Die beklagte Bank als Auftragsverarbeiter hätte also die Daten auf dem fraglichen USB-Stick verschlüsseln müssen und hat, indem sie es nicht tat, gegen ihre Sicherheitspflicht verstoßen? Vor Gericht führte sie an, die Kläger selbst hätten auf die Datenübermittlung per USB-Stick bestanden, obwohl noch andere Verfahren möglich waren und auch genutzt worden sind. Das Ehepaar hätte außerdem seine Daten selbst verschlüsseln müssen. Weil es darauf verzichtete, könne es diesen offenbar keine hohe Bedeutung beigemessen haben. Als es schließlich um die verlangte Rücksendung des Sticks ging, habe das Klägerpaar ebenfalls nicht auf einer Verschlüsselung bestanden.

Das überraschende Urteil

In der Tat sieht das Landgericht einen Datenschutzverstoß, weil der Verlust des USB-Sticks nicht wie in § 33 DSGVO gefordert der Aufsichtsbehörde gemeldet wurde. Nach Art. 34 DSGVO hätten auch die Adressaten informiert werden müssen, insbesondere über die nach dem Datenverlust zu ergreifenden Maßnahmen. Unklar bleibt freilich, wie die beklagte Bank vom Verlorengehen des Sticks erfahren haben sollte, wenn nicht durch die beiden Empfänger. Die jedenfalls meldeten diesen Umstand selbst bei der Bank.

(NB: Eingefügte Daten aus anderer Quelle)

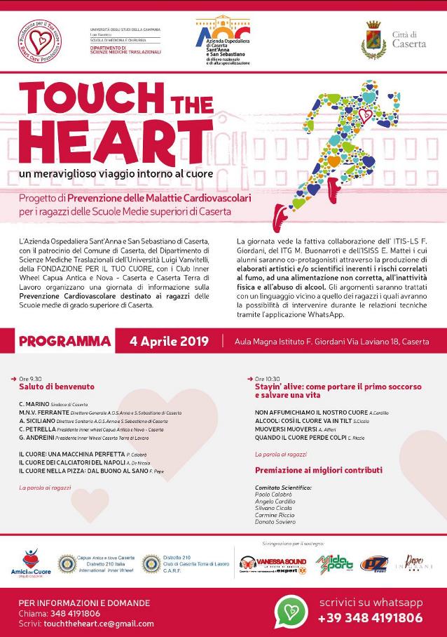 “Touch the Heart” è il titolo della manifestazione organizzata dall’Azienda Ospedaliera di Caserta “Sant’Anna e San Sebastiano” per giovedì 4 aprile 2019. L’appuntamento è alle 9,30 presso l’Aula Magna dell’Istituto Giordani di Caserta in via Laviano.

Die Brisanz des Urteils speist sich aber aus einer ganz anderen Quelle: Das Landgericht Essen sieht keinen Grund für eine Verschlüsselung. Täglich werden wichtige Dokumente auf den Postweg verschickt, weshalb sich den Richtern nicht erschließt, warum für USB-Sticks eine Verschlüsselungspflicht bestehen sollte, wenn dies auf Dokumenten-Ausdrucke – beispielsweise Steuerbescheide – nicht zutrifft. Hier sei kein Unterschied zwischen digitalen und analogen Medien in Bezug auf ein Sicherheitsverfahren zu machen. Zudem weisen die Richter darauf hin, dass der Untergang des Sticks, wie es im korrekten Juristendeutsch heißt, auf dem Postweg, nicht im Bankgebäude erfolgte. Und weil die Kläger nach Ansicht des Gerichts nicht hinreichend darlegen konnten, wie ihnen ein erheblicher immaterieller Schaden entstanden sei, wurde auch der Anspruch auf Schadensersatz verneint.

Was folgt als Nächstes?

So mancher Datenschutz-Aktivist interpretiert das Landgerichtsurteil sehr großzügig und folgert, dass man nun auch andere Formen von Datenübermittlung nicht eigens für den Transportweg verschlüsseln müsse. Diese würde auch E-Mails betreffen. Interessant in diesem Zusammenhang ist ein Urteil des Mainzer Verwaltungsgerichts, das die Verschlüsselungspflicht von Berufsgeheimnisträgern beim E-Mail-Versand vom Risiko abhängig macht. (Urteil vom 17.12.2020 (Az. 1 K 778/19.MZ). Prozessbeobachter auf Datenschutzseite bleibt vorerst die Warnung, schon deshalb umfangreich zu verschlüsseln, um sich die Meldepflicht zu ersparen. Andererseits: Überträgt man die Maximalforderung nach Verschlüsselung personenbezogener Daten zum Beispiel auf Arztschreiben oder Steuer- und Rentenbescheide, dürfte deren Übermittlung auf dem Postweg kaum noch praktikabel sein. Hier schließt sich auch die Frage nach einer angemessenen Verpackung an.

Im Ergebnis mahnt das Urteil durchaus zur Vorsicht im Hinblick auf die Form des Versands und die Sicherheit der Kuvertierung. Das Urteil ist in jedem Fall ein wichtiger Schritt bei der Auslotung von Grauzonen und der Lösungsfindung im Sinne eines an der Lebenswirklichkeit orientierten Datenschutzes.